# Mr. Robot: The Complete 1st Season - Blu-ray Review



## Mike Edwards (Mar 10, 2011)

[img]http://www.hometheatershack.com/gallery/file.php?n=62689[/img] 
*Title: Mr. Robot: The Complete 1st Season* 

*Movie:* :4.5stars:
*Video:* :4.5stars:
*Audio:* :4.5stars: 
*Extras:* :2stars: 

*HTS Overall Score:*85




[img]http://www.hometheatershack.com/gallery/file.php?n=62697[/img]*Summary*
USA network has really been trying to revamp their show lineup as of late. It used to be that they had a bunch of standard action/drama oriented shows that aimed straight at the average viewer audience. Don’t get me wrong, very few of their shows were bad, in fact many of them were EXCELLENT. Shows like “Royal Pains”, “Suits”, “Burn Notice” and “Covert Affairs” gained a wide audience and certainly had me watching every week. The last year or so the network has really changed its views as those shows have started drying up. The NBC/Uni based TV station has branched out into comedies, dark dramas and now a cyber/hacking show that sets itself apart from all of the rest by being one of the most ambitious and un-USA Network types of shows in the repertoire.

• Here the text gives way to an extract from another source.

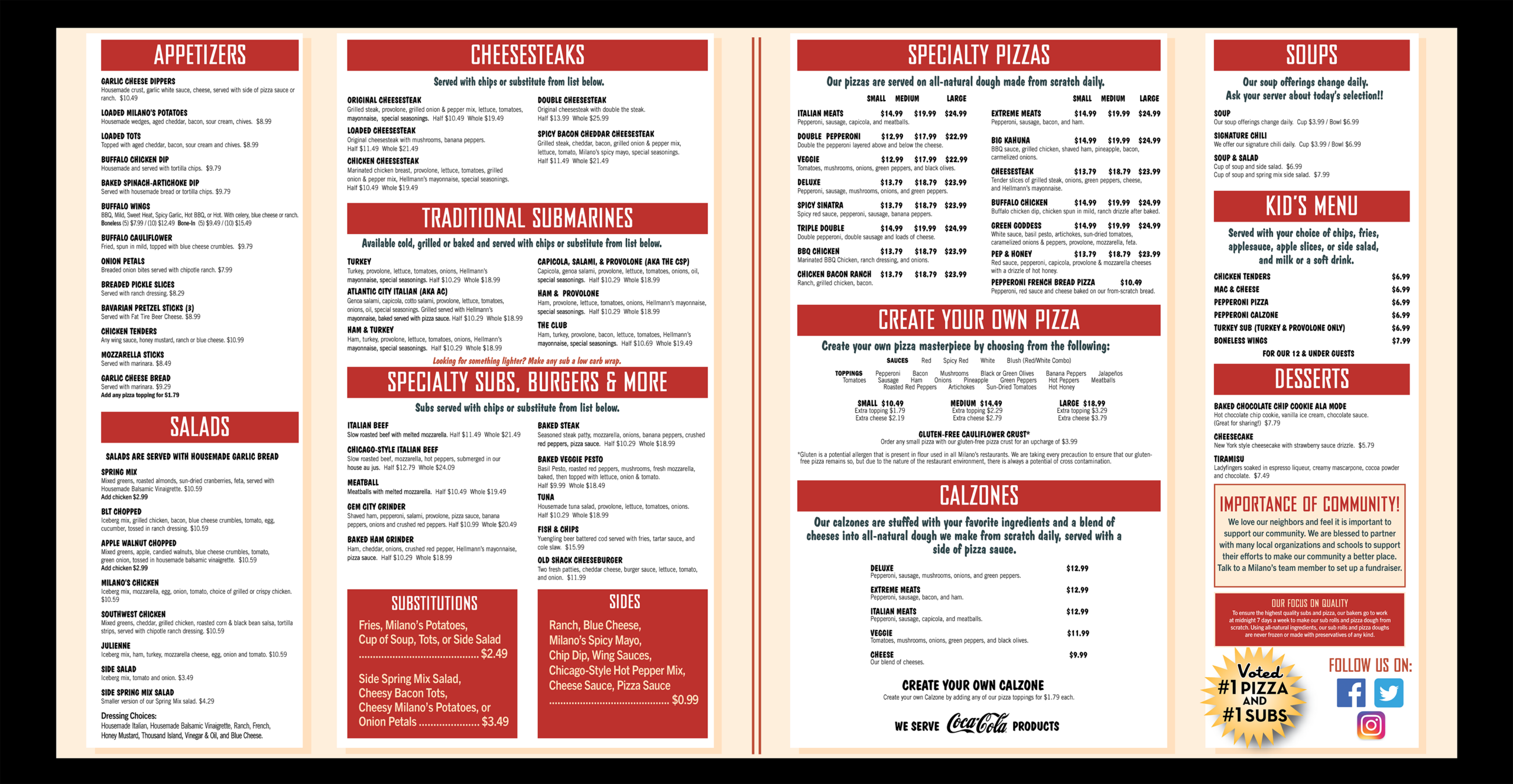 Whether you want to stick to tradition or try something new, our menu has you covered. From award-winning pizza and classic sub sandwiches, or gluten-free options, dining in with family and friends is sure to leave you satisfied (or, if you’re on-the-go, we offer carryout and in some areas delivery)!
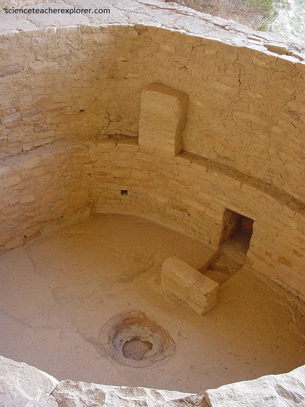 Even though no two of Cliff palace’s twenty-three kivas are exactly alike, they all follow a generalized pattern: circular in plan, generally dug beneath courtyard level so their roofs would form part of the courtyard, central fireplace, ventilator tunnel on the south side, a raised air deflector, and usually six masonry pilasters rising above an encircling banquette to support a cribbed log roof. {Example pictured above}

Social media, the internet, the digital network that has turned our very large world into a very small one. The fiber optic heroin that flows through our daily lives, encompassing our work, our entertainment, and our social interactions is something that we all look at with a sort of leery admiration. The digital age has made our lives so much easier than we ever could have imagined, but it has also taken something from us, and as much as we are loathe to admit, no matter how much life has changed, it has stayed ever the same. We stay up at night searching the internet for new clothes, new friends, and just for sheer boredom’s sake, and it has altered the way we interact with people. Although that scenario sounds frightening, humanity really hasn’t changed all that much. What took us hours of research in a library takes minutes on the web. What social interaction we have seemingly “lost”, was never really lost to begin with. People who are introverts used to go to the library and read, or stay cooped up at home listening to vinyl, and now they spend it online. Those who crave human attention still do so, and in many ways more than ever. So no matter how much we change, the basic core of our interactions still stay the same.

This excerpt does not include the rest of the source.